Another point, why we must hold this discussion is that we are living in a strange world today, where our children seem to be under siege on all sides. A recent United Nations survey on violence against children says, ‘never in the history of our world has the children been under the kind of siege and abuse they are today. ‘As far as the agents of abuse are concerned, the religious places of worship are not sacred grounds. When I use the phrase, ‘agents of abuse’ I refer to those who deliberately abuse the child out of weakness or wickedness and those who abuse the child out of ignorance. The people in the latter category are higher in number than the ones in the former category. Another thing about the people, who abuse the child ignorantly, is that in most cases they mean well and the kinds of abuses they perpetrate are though lethal but very subtle. Subtle abuses are not easy to detect and they are not less destructive. Those who abuse the child ignorantly strike daily but those who act out of weakness or wickedness strike less often. Pathetically, it is the our practice here to focus more on and raise alarm on overt cases of abuses perpetrated by abusers, who act out of weakness or wickedness at the expense of covert abuses perpetrated by the ignorant abusers. Unfortunately, whether a child is under abuses under the hands of the former and the latter categories of abusers, the impact is the same spirit, soul and body on the child.

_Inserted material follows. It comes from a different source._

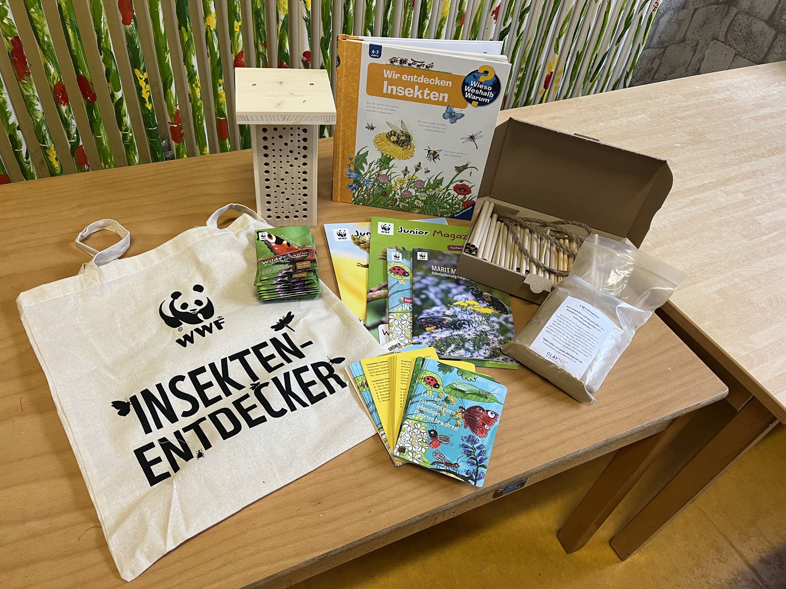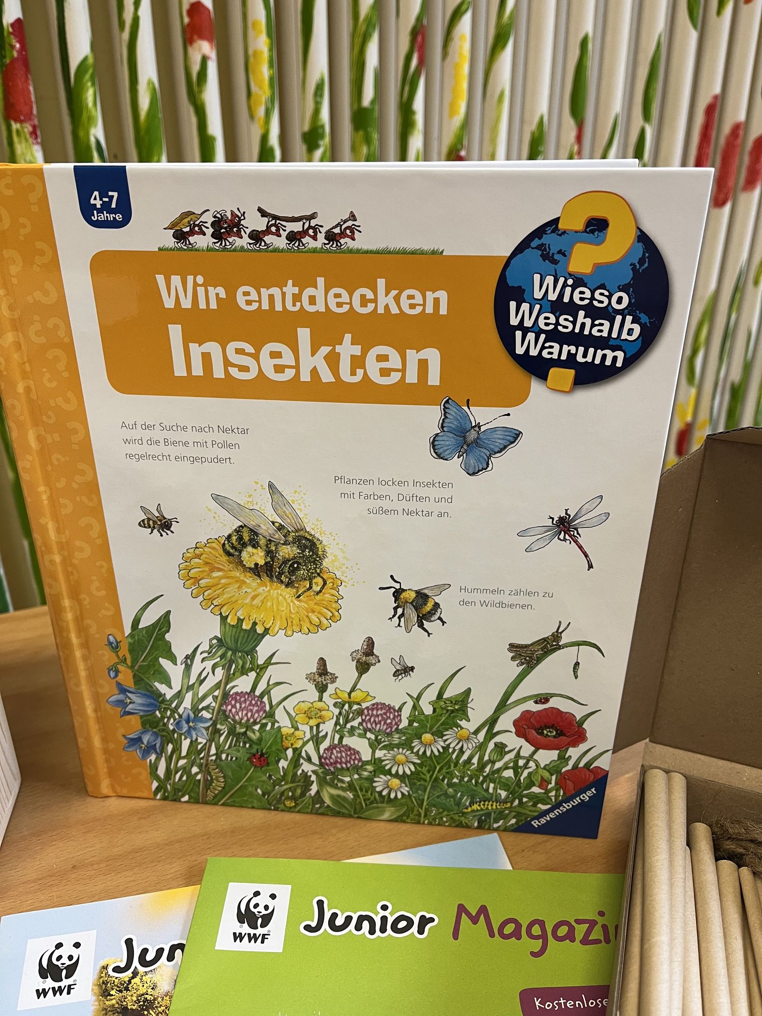 Wir haben an einem Gewinnspiel der Sparda- Bank Baden-Württemberg und dem WWF teilgenommen und gewonnen. Die Kita hat zwei tolle Insektenentdecker Pakete bekommen. In den Paketen war ein Nistblock, Wildblumensamen zum gemeinsamen aussäen, Material für das erbauen von Dosen Nistkästen, Bücher und vieles mehr. Wir möchten mit diesen Entdeckerpaketen auf dem Kita Gelände Insekten ansiedeln, um diese das ganze Jahr beobachten zu können. Zudem erfreuen wir uns über neu entstehende bunte Blumenwiesen. Die Kinder können es kaum erwarten los zu legen und freuen sich sehr über diesen tollen Gewinn.
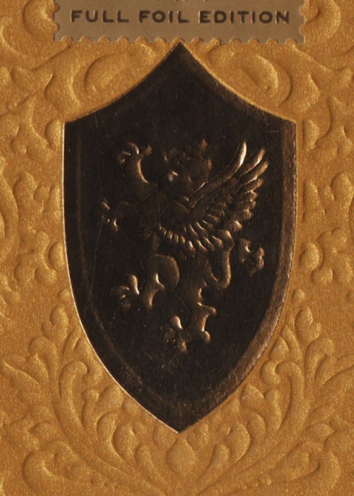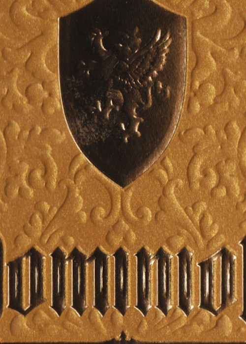 In addition to sculpted embossing, the Dominion tuck boxes feature embossed elements within the hot foil. If you look closely at the griffon artwork in the shield, that is accomplished by pressing an embossing plate through the hot foil and soft touch paper of the tuck box. An advanced packaging technique which is masterfully highlighted by Jody Eklund’s artwork.

Lastly, child protection has become a matter of best practice in terms of necessary skills when it comes to handling children either as a primary and secondary caregivers. Religious places of worship must not be left behind in this new and laudable global move to protect our children. Failure to think this way opens children to abuses under their care and becomes a distraction to their mission, integrity and credibility. The recently cases of child sexual abuse linked to the Catholic Church is an eloquent example of the point I am trying to make.
Therefore in perilous times like this, vigilance must become the strategy of liberty for our children. The antidote to abuse is to create a culture of child protection. Culture, which refers to values are not created in one day. It is established through the instrumentality of a child protection system anywhere and everywhere children are gathered. It is important to note that Child Protection Systems work by a well-articulated Child Protection Policy, carefully designed according to the needs of the institution which seeks to use it to protect children.
In this series, I will discuss in clear details on how places of religious worship can establish and sustain a measurable child protection system. I will break them down in question format that I believe the leadership of the places of religious of worship and their followers must ask to create a better children department, where we can collectively vouch for the safety of our children.
I charge you to join me here tomorrow as I begin to share these ten (10) questions you must ask to be sure your children are protected within the confines of the children department of religious places of worship.
Thank you for visiting today. I look forward to seeing you here tomorrow. I charge you today to Think the CHILD…Think TODAY…Think the FUTURE…
God bless you for this. i buy into this your Unquestionable philosophy
Reblogged this on Yours Truly, Adesola and commented:
On Friday, humbled by the words of Bar. Taiwo Akinlami during P&Y Family Show aired on Inspiration FM, I watched him as he poured out his thoughts on the negligence on the part of some parents when choosing a care giver for their child.
After the show, I was disturbed because I knew that the local church I attend is defaulting too, yet every Sunday and mid week service these children are urged to attend services held in their department, with parents having no idea about what goes on.
Spare some of your time to scan through key things to note in ‘So You Want To Send Your Child to the Children Department of Your Place of Worship?’ You don’t have to wait till you’re a parent before reading this.
Thank you ma’am for visiting and thank you most profoundly for reblogging…Do have an INSPIRED week.